(2 of 2)
The author chides his subject for the "Poor Richard" pose he so often adopted toward his struggles. In fact, his meteoric rise was as much a product of good luck as of hard work. Nixon entered the House during a brief, aberrant period of Republican control, when choice committee assignments were being handed out to eager freshmen. His Red-scare tactics benefited immensely from the awful example of Senator Joseph McCarthy: "McCarthy's charges were so extreme, his inability to back them up so obvious, that he made Nixon look like a scholar and statesman in comparison." The outbreak of the Korean War in 1950 practically guaranteed his victory in the Senate race against Douglas, who, Ambrose points out, inaugurated the mudslinging in that notoriously dirty campaign by charging that Nixon was soft on Communism.

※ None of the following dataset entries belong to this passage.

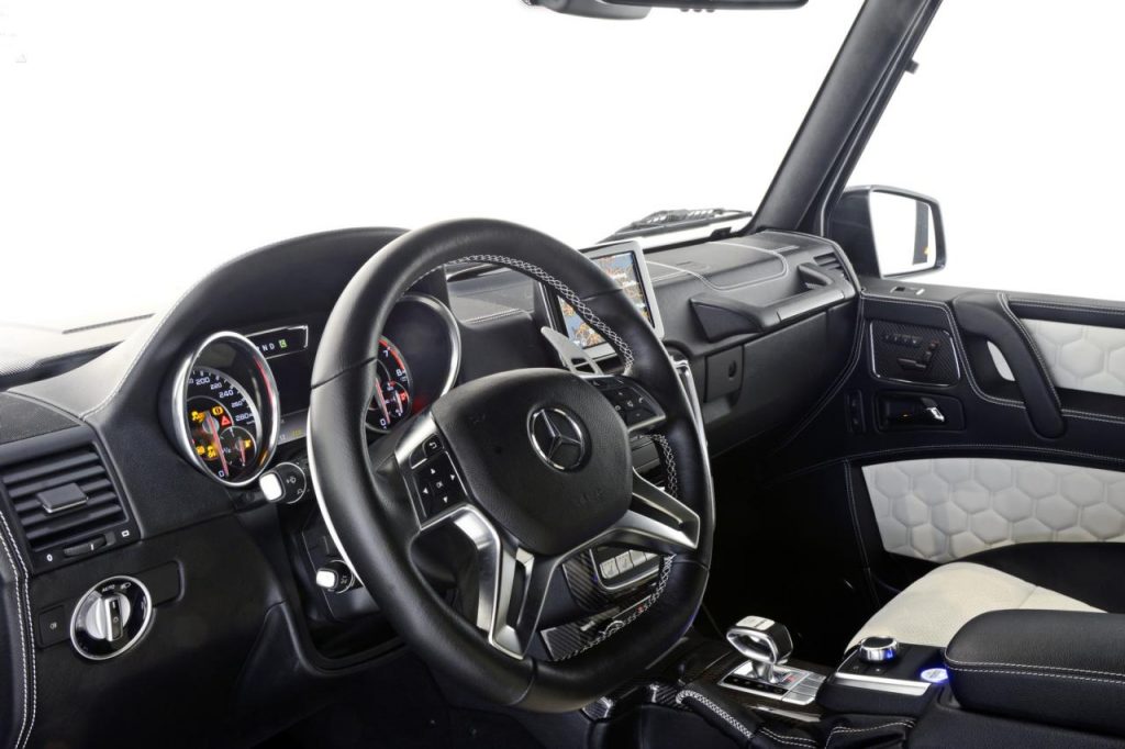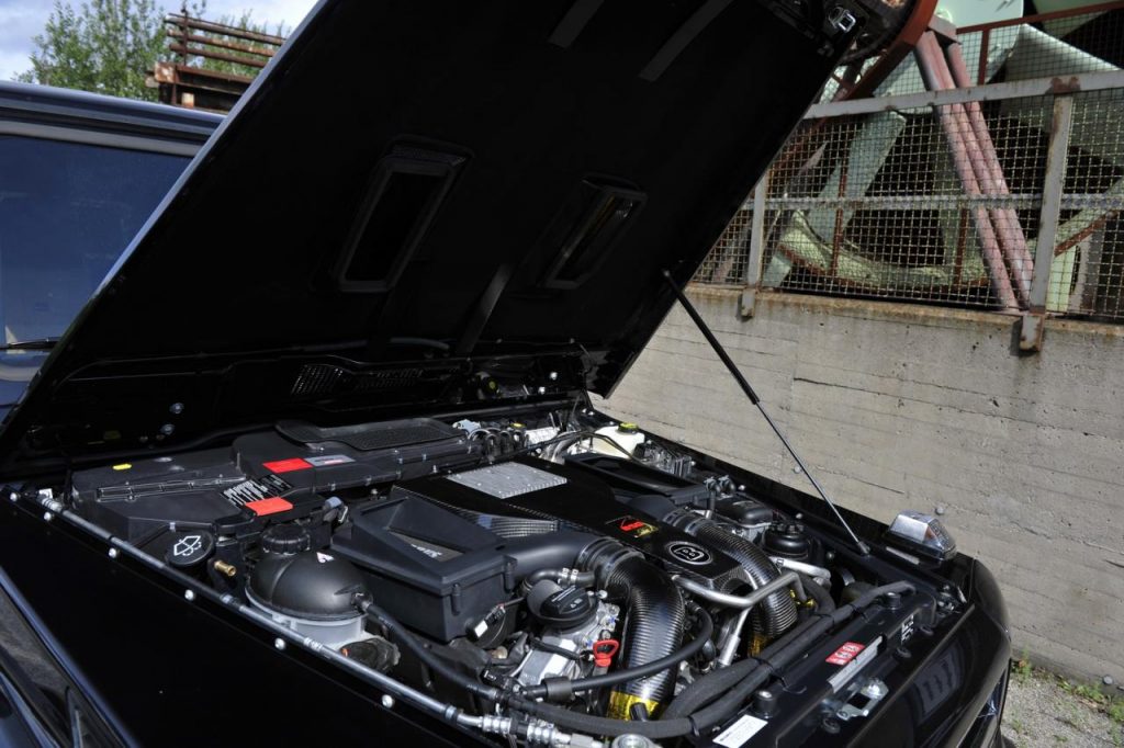 Le Classe-G a toujours été l’un des sujets favoris de Brabus, malgré son âge avancé, mais grâce à son succès auprès des clients… Le V8 du G63 adopte donc le dernier niveau de préparation de Brabus, et affiche donc 850 ch comme pour les Classe-S ou CLS… Une préparation qui a nécessité l’accroissement de la cylindrée de 5,5 à 6,0 litres, et l’échanges des turbos pour des unités plus volumineuses… Le couple dantesque est de 1450 Nm.
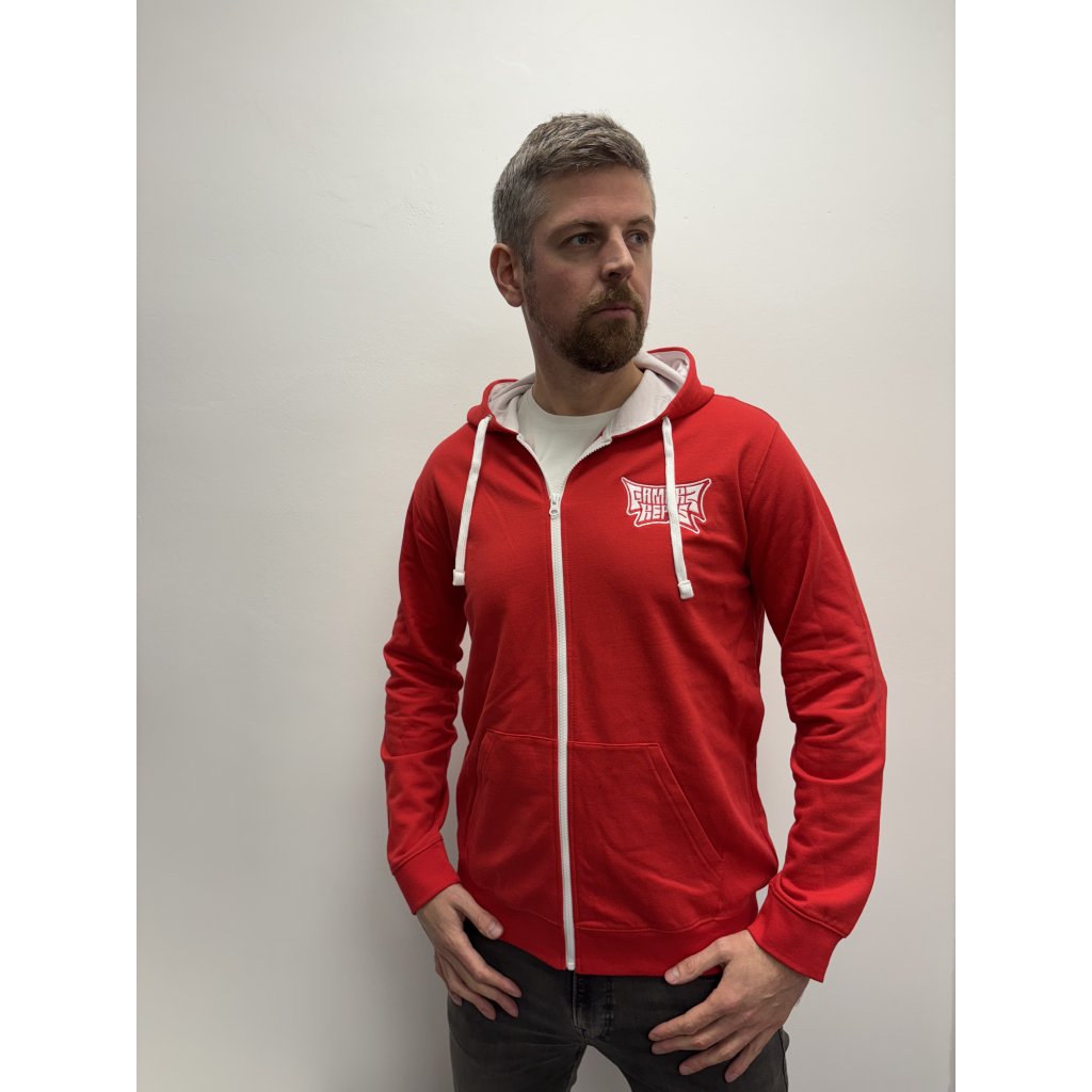 mikina na zip s kapucí červeno-bílá s vyšívaným logem Gambrz reprs
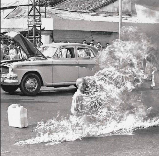 남베트남 정권이 종교 탄압을 이유로 사원을 불지르고 국민의 대부분을 차지하는 불교 신자들을 탄압하였다. 스님은 종교의 탄압에 저항하고 자유를 위해 분신을 선택한 것이다. 주변 동료 승려의 도움을 받아 휘발유를 붓고 소신공양을 하였다. 스님은 아무 미동도 없이 자신의 몸을 태우며 조용히 죽음을 맞이하였다.
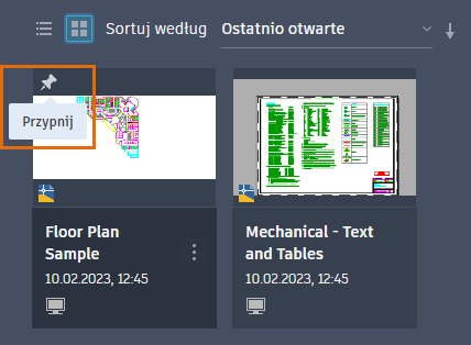 Przypięcie pliku powoduje, że będzie on wyświetlany na górze listy aż do momentu odpięcia.

He was better at holding office than seeking it; Ambrose concludes that Nixon "became the most visible Vice President of the 20th century, and the most successful." Indeed, Nixon took principled stands during the late '40s and into the '50s that demanded true courage: he supported the Marshall Plan when his constituents complained about throwing away more money in Europe, and he was a staunch enemy of segregation and a champion of civil rights. But life as Eisenhower's Vice President cramped Nixon as much as it exalted him. Ambrose, who has also written a two-volume biography of Ike, catches the tensions in this relationship perfectly: "After ordering Nixon to take the low road while he stayed on the high road, Eisenhower would admonish Nixon that he had gone too far -- and then once again order Nixon to go after the Democrats."
Small wonder that Nixon, after a hairbreadth defeat to John F. Kennedy for the presidency in 1960, left Washington an unhappy man. A losing race in 1962 for a job he did not want, Governor of California, did nothing to improve his mood. Ambrose's first volume sets the stage for a comeback; the second should tell it as it happened, with a vengeance.